The 1 kernel reads the inode of the metadata area/, reads the number of the corresponding data block from the Inode, and then finds its corresponding block in the data area (1 2nd block), read the mapping table on block 1th to find the Web this name in the metadata area corresponding to the inode number 2 kernel read the web corresponding inode (3rd), to know that the web in the data area corresponding block is 5th block, Then to the data area to find block 5th, read the mapping table, the echo corresponding to the Inode is number 5th, and then to the metadata area to find the 5th inode3 Kernel read the 5th Inode, to get echo in the data area corresponds to the  Block 11th, and then to the data area to read block 11th to get the mapping table, the index.php corresponding Inode is 9th 4 kernel to the metadata area to read the 9th Inode, to get index.php corresponding is 15 and 16th data blocks, and then went to the data area to find the  16th block, read the contents of it, get the full content of index.php       
Five. The browser parses the HTML code and requests the resources in the HTML code

When the browser gets the index.html file, it begins parsing the HTML code, and when it encounters static resources such as Js/css/image, it goes to the server to request the download (using multi-threaded download, the number of threads per browser is different), this time using the Keep-alive feature , to establish an HTTP connection, you can request multiple resources, the order of downloading resources is in the order of the code, but because each resource size is different, and the browser and multi-threaded request resources, so from the point of view, the order shown here is not necessarily the order in the code.

When a browser requests a static resource (without expiring), it initiates an HTTP request to the server (asking whether the resource has been modified since the last modification time), and if the server side returns a 304 status code (which tells the browser that the server side has not been modified), Then the browser will directly read the local cache file for that resource.

Detailed browser How to work see: http://kb.cnblogs.com/page/129756/

Six.
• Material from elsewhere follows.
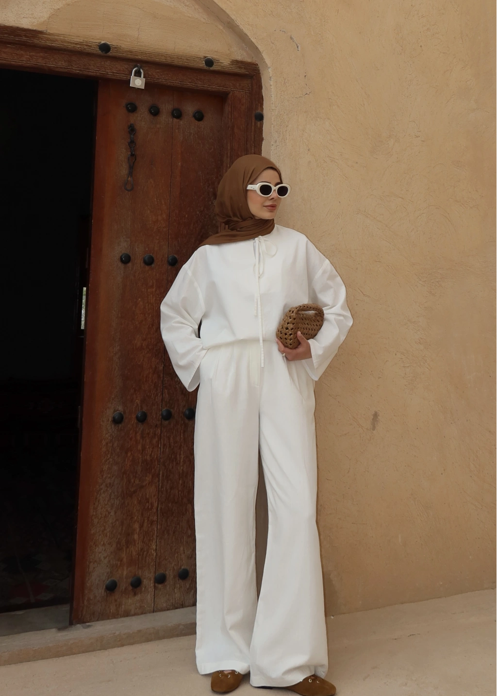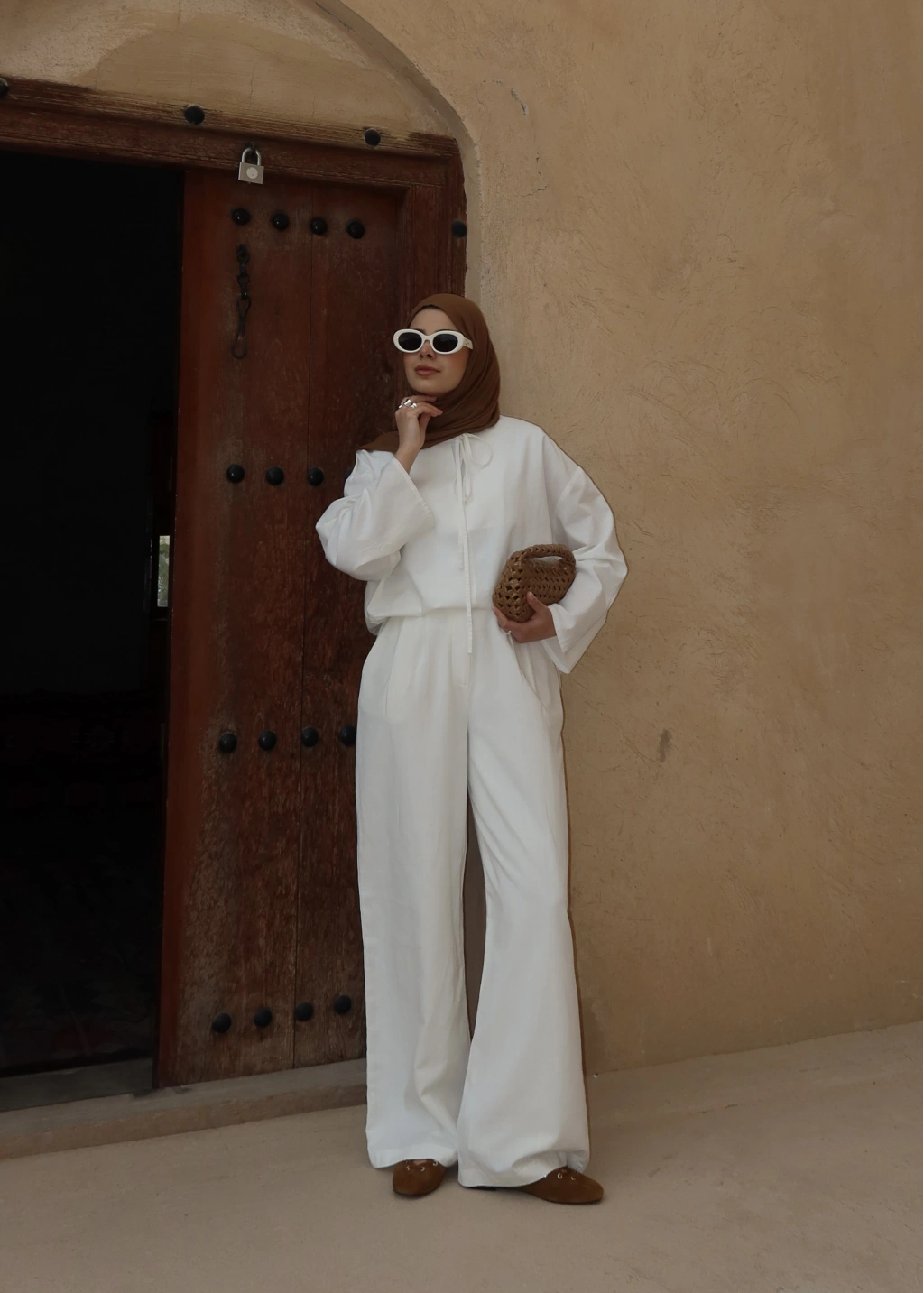 5480 Bağlamalı Palazzo Takım Beyaz
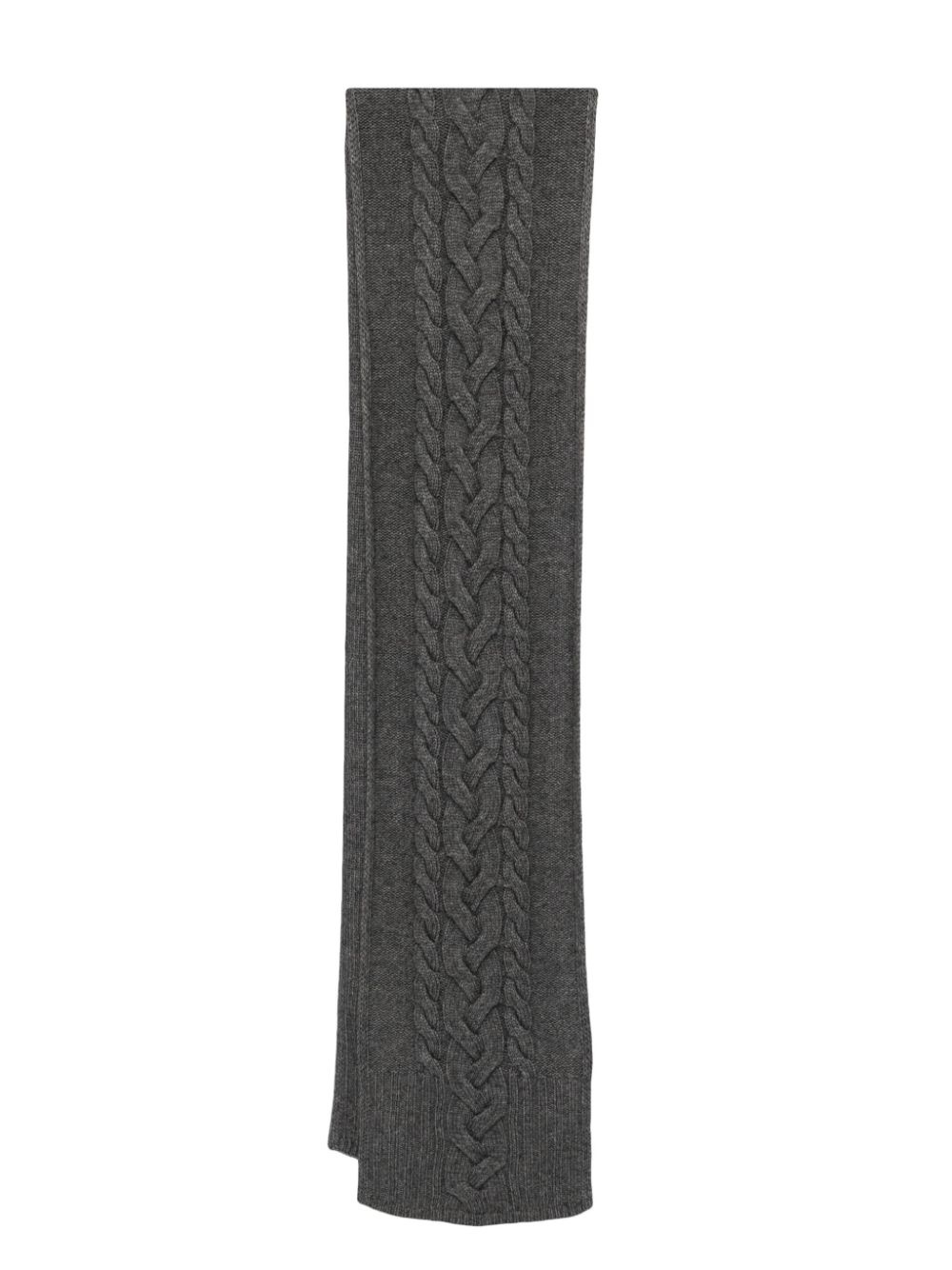 cable-knit rib-trim scarf Highlights - Dark grey - Wool-cashmere blend - Rectangle body - Cable knit - Ribbed trim Imported Composition Wool 80%, Cashmere 20% SIZE & FIT Measurement LENGTH 82.67 in(210 cm) WIDTH 8.66 in(22 cm)

The browser renders the page rendering to the user

Finally, the browser makes use of its internal working mechanism, renders the requested static resource and HTML code, renders it to the user after rendering.

The complete HTTP transaction declaration has been completed since this time.

To turn a full HTTP request

Contact Us

The content source of this page is from Internet, which doesn't represent Alibaba Cloud's opinion; products and services mentioned on that page don't have any relationship with Alibaba Cloud. If the content of the page makes you feel confusing, please write us an email, we will handle the problem within 5 days after receiving your email.

If you find any instances of plagiarism from the community, please send an email to: info-contact@alibabacloud.com and provide relevant evidence. A staff member will contact you within 5 working days.

A Free Trial That Lets You Build Big!

Start building with 50+ products and up to 12 months usage for Elastic Compute Service

  • Sales Support

    1 on 1 presale consultation

  • After-Sales Support

    24/7 Technical Support 6 Free Tickets per Quarter Faster Response

  • Alibaba Cloud offers highly flexible support services tailored to meet your exact needs.